Mechanistic joint modelling for longitudinal PSA and survival data in advanced metastatic prostate cancer
Solène Desmée (1), Jérémie Guedj (2), Christine Veyrat-Follet (3) and Emmanuelle Comets (1,2)
(1) INSERM CIC 1414, Université Rennes 1, Rennes, France, (2) INSERM UMR1137 IAME, Paris, France; University Denis Diderot, Paris, France, (3) Translational Informatics, Translational Medicine, Sanofi, Bridgewater, USA
Objectives: In phase III clinical trials, treatments for metastatic Castration-Resistant Prostate Cancer (mCRPC) are evaluated on their impact on time-to-death. Prostate-specific antigen (PSA) is frequently monitored as it is assumed to be linked to survival. Using nonlinear joint modelling which consists in the simultaneous analysis of biomarker's evolution and survival [1,2], we aim here to characterize the relationship between PSA kinetics and risk-of-death and identify the impact of covariates on both processes, in mCRPC patients from the phase III study Proselica [3] who were previously non-responders to docetaxel and treated as second-line chemotherapy by Cabazitaxel.
Methods: 9443 PSA measurements from 1174 patients were used. 580 received Cabazitaxel at dose 20 mg/m² and 594 at dose 25 mg/m². The model developed in [4] relying on 3 mechanistic differential equations describing the PSA production by treatment-sensitive (S) and –resistant tumor cells was adapted to the main mechanism of action of Cabazitaxel, the stimulation of the S cells elimination. For joint modelling several links between PSA kinetics and risk-of-death were compared by BIC. After exploration of the impact of covariates on the individual Empirical Bayes Estimates (EBEs) and on Weibull survival model, stepwise elimination from the full joint model was carried out. Estimations were conducted using the SAEM algorithm [5] of Monolix2016R1. Model evaluation was based on individual weighted residuals (IWRES) and on Cox-Snell and Martingale residuals.

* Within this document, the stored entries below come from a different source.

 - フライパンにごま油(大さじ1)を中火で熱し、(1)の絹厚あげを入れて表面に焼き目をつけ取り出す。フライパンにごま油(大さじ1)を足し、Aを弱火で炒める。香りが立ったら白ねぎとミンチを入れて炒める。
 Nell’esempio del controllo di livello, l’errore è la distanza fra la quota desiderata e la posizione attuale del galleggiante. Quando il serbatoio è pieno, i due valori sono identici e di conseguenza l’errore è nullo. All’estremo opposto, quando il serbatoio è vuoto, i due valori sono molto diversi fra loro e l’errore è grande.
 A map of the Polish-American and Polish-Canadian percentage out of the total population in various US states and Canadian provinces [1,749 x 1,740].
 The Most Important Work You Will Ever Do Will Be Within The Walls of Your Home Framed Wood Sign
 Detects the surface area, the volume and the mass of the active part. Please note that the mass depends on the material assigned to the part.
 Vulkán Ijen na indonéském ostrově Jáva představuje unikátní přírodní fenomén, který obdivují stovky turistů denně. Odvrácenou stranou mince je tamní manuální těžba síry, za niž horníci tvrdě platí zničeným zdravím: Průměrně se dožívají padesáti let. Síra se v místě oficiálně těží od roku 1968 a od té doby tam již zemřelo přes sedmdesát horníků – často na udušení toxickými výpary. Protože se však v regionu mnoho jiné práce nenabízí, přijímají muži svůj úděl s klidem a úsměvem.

Results: The joint model involving current PSA provided the smallest BIC. The treatment increased the stimulation of the S cells elimination with a factor 1.6 and 1.9 for the doses 20 and 25 respectively, in absence of other covariates. Several covariates showed a significant effect on PSA and/or survival. In particular, the presence of liver metastases impacted both PSA kinetics and risk-of-death. Although the decrease of PSA was more pronounced in the 25mg/m² group compared to the 20mg/m² group, the difference appeared too small to significantly impact survival.

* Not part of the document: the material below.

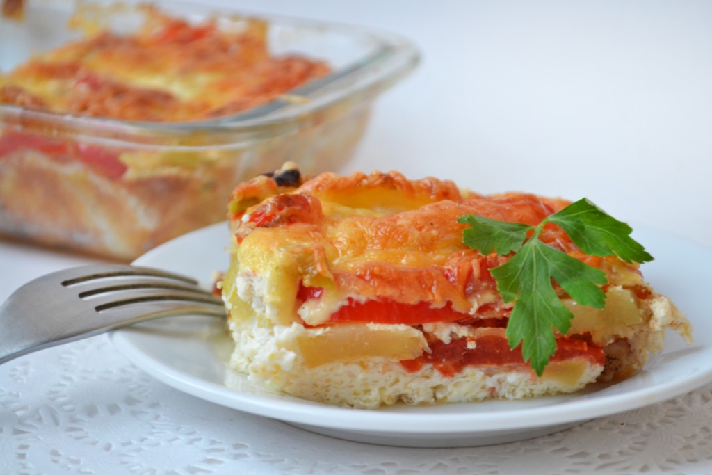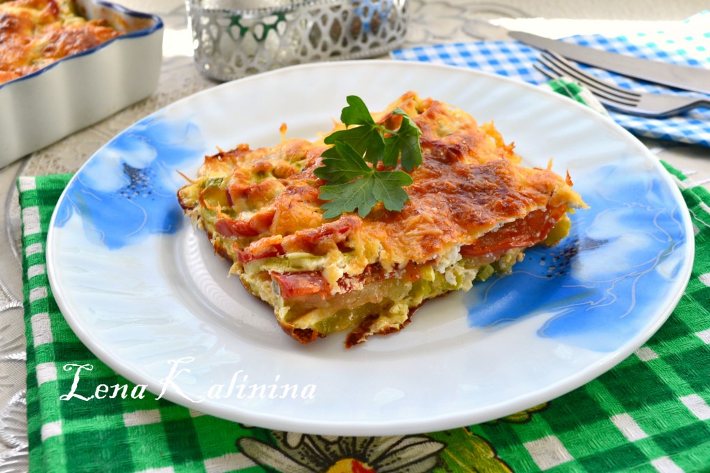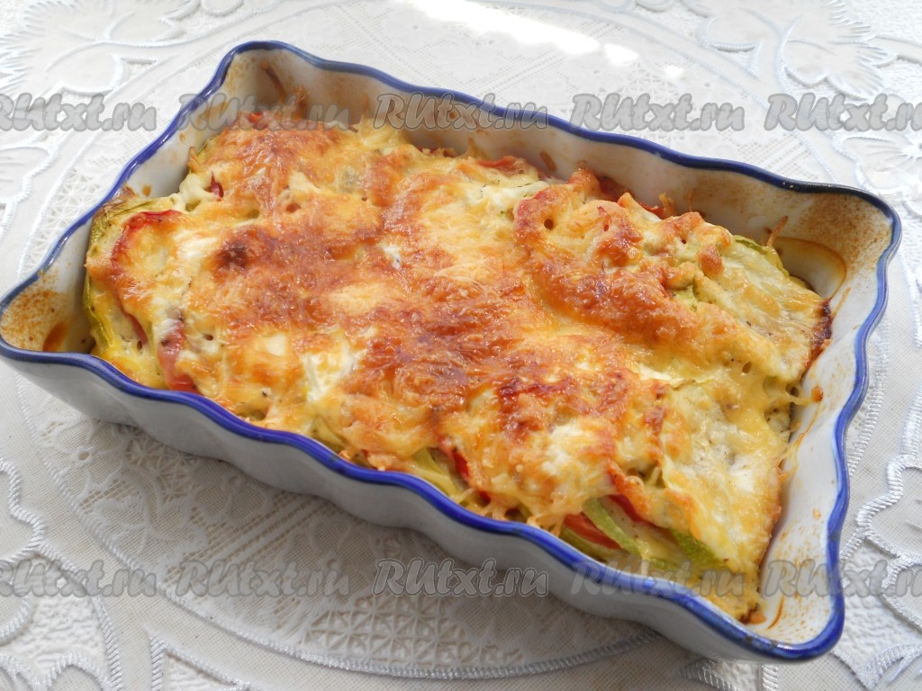 В духовке, разогретой до 180 градусов, готовить запеканку с кабачками, помидорами и перцем минут 30-35. Овощи должны легко прокалываться ножом, сверху они будут покрыты румяной корочкой из сыра и яиц.

Conclusions: This mechanistic joint model developed in advanced prostate cancer allowed to study treatment response in subgroups of patients and identify covariates associated with survival. It could be used in personalized medicine to predict patient’s risk-of-death from baseline covariates and longitudinal measurements.
References:
[1] Tsiatis AA, Davidian M. Joint modeling of longitudinal and time-to-event data: an overview. Stat Sin. 2004;14:809–834.

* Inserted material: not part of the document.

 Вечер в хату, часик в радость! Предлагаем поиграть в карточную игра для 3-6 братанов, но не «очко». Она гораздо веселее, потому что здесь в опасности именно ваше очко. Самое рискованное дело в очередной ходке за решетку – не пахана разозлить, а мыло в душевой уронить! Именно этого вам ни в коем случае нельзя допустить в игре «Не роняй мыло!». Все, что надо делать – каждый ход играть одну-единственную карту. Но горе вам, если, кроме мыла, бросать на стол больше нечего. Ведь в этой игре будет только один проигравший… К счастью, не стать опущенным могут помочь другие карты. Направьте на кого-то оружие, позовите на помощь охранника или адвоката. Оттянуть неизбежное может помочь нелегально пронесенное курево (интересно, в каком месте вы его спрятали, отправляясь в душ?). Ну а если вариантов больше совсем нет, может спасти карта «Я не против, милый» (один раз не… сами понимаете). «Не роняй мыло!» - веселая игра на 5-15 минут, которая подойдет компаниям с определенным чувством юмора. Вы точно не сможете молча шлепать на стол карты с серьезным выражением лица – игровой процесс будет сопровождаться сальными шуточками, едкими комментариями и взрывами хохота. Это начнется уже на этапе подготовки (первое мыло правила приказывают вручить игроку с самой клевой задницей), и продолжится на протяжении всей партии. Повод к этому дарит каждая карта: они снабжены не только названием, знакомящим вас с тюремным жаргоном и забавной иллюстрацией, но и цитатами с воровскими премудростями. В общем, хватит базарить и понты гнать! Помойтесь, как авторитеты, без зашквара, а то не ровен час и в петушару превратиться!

[2] Desmée S, Mentré F, Veyrat-Follet C, Guedj J. Nonlinear Mixed-Effect Models for Prostate-Specific Antigen Kinetics and Link with Survival in the Context of Metastatic Prostate Cancer: a Comparison by Simulation of Two-Stage and Joint Approaches. AAPS J. 2015;17:691–9. doi:10.1208/s12248-015-9745-5.
[3] Proselica study funded by Sanofi (NCT01308580) https://clinicaltrials.gov/ct2/show/NCT01308580?term=proselica&rank=1
[4] Desmée S, Mentré F, Veyrat-Follet C, Sébastien B, Guedj J. Using the SAEM algorithm for mechanistic joint models characterizing the relationship between nonlinear PSA kinetics and survival in prostate cancer patients. Biometrics. 2016. doi:10.1111/biom.12537.
[5] Kuhn E, Lavielle M. Maximum likelihood estimation in nonlinear mixed effects models. Comput Stat Data Anal. 2005;49:1020–38. doi:10.1016/j.csda.2004.07.002.